Walter Benjamin nunca terminou esta Crônica de Berlim. Ele passou boa parte da última década de sua vida, de um modo ou de outro, envolvido com o texto. Ecos e ricochetes dele podem ser encontrados em diferentes projetos da época – nos anos anteriores (como em Rua de mão única) e nos seguintes (em diversos ensaios, nas Denkbilder, mas sobretudo na Infância berlinense).
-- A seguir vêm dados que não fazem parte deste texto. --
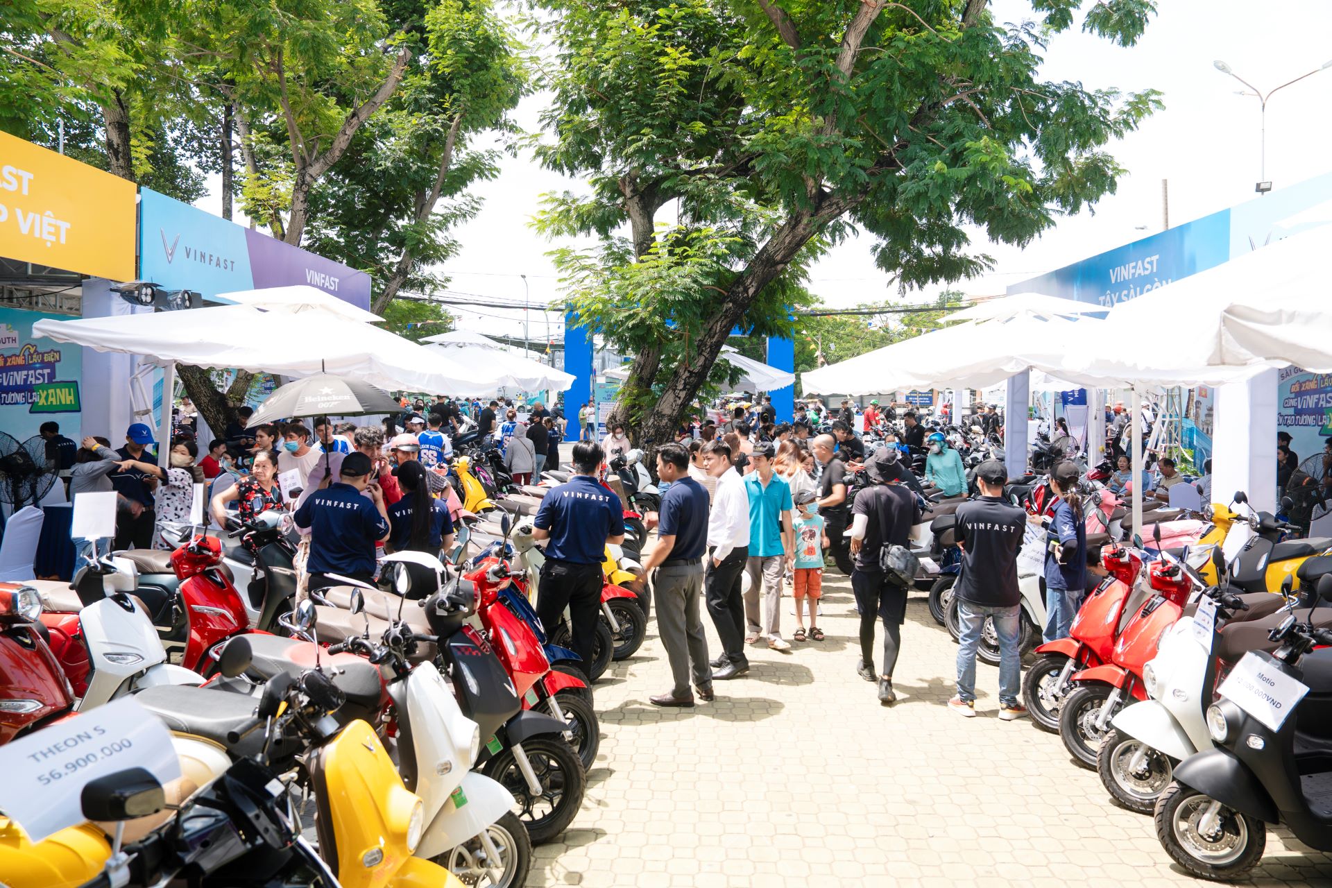 Nhiều khách hàng tại TP.HCM đến sự kiện “Đổi xăng lấy điện - Cùng VinFast kiến tạo tương lai xanh” để được trực tiếp cầm lái những mẫu xe máy VinFast mới nhất.

Os fragmentos fumegantes de sua escrita – pedaços arrancados da memória, troços tomados diretamente do corpo da cidade em vias de desaparecer – permaneceram inconclusos, o que é o mesmo que dizer: abertos, maleáveis, infinitamente expansíveis. “Aquele que uma vez começou a abrir o leque da lembrança sempre encontra novos elos, novos segmentos; nenhuma imagem o satisfaz”, o autor anota logo na abertura do texto, numa passagem que é um comentário bastante agudo sobre a obra de Marcel Proust, que Benjamin então buscava traduzir, mas que também pode ser uma defesa da incompletude como método, ou ainda a descrição (metatextual) dos liames formais da prosa que elabora nesse texto. Associativa, desdobrável, repleta de digressões e desvios, ela é como um campo aberto de escavações: “aquele que procura se aproximar de seu próprio passado soterrado deve se comportar como um homem que cava”. O poço do passado alarga-se e se aprofunda ao mesmo tempo em que a experimentação com os gêneros e com a linguagem vai ganhando corpo. Misto de autobiografia, ensaio, ficção e relato memorialístico, a Crônica de Berlim é um novelo de lembranças e ideias. Ou melhor: um labirinto. Como se sabe, o labirinto, como a memória e o amor, são formas do interminável. Para o autor – que aqui é sobretudo um narrador – o espaço urbano, assim como o tecido mesmo da escrita, enovela-se, volta-se sobre si e faz perder os passos. Uma cidade nunca termina de ser palmilhada – um texto, às vezes, não encontra o seu fim.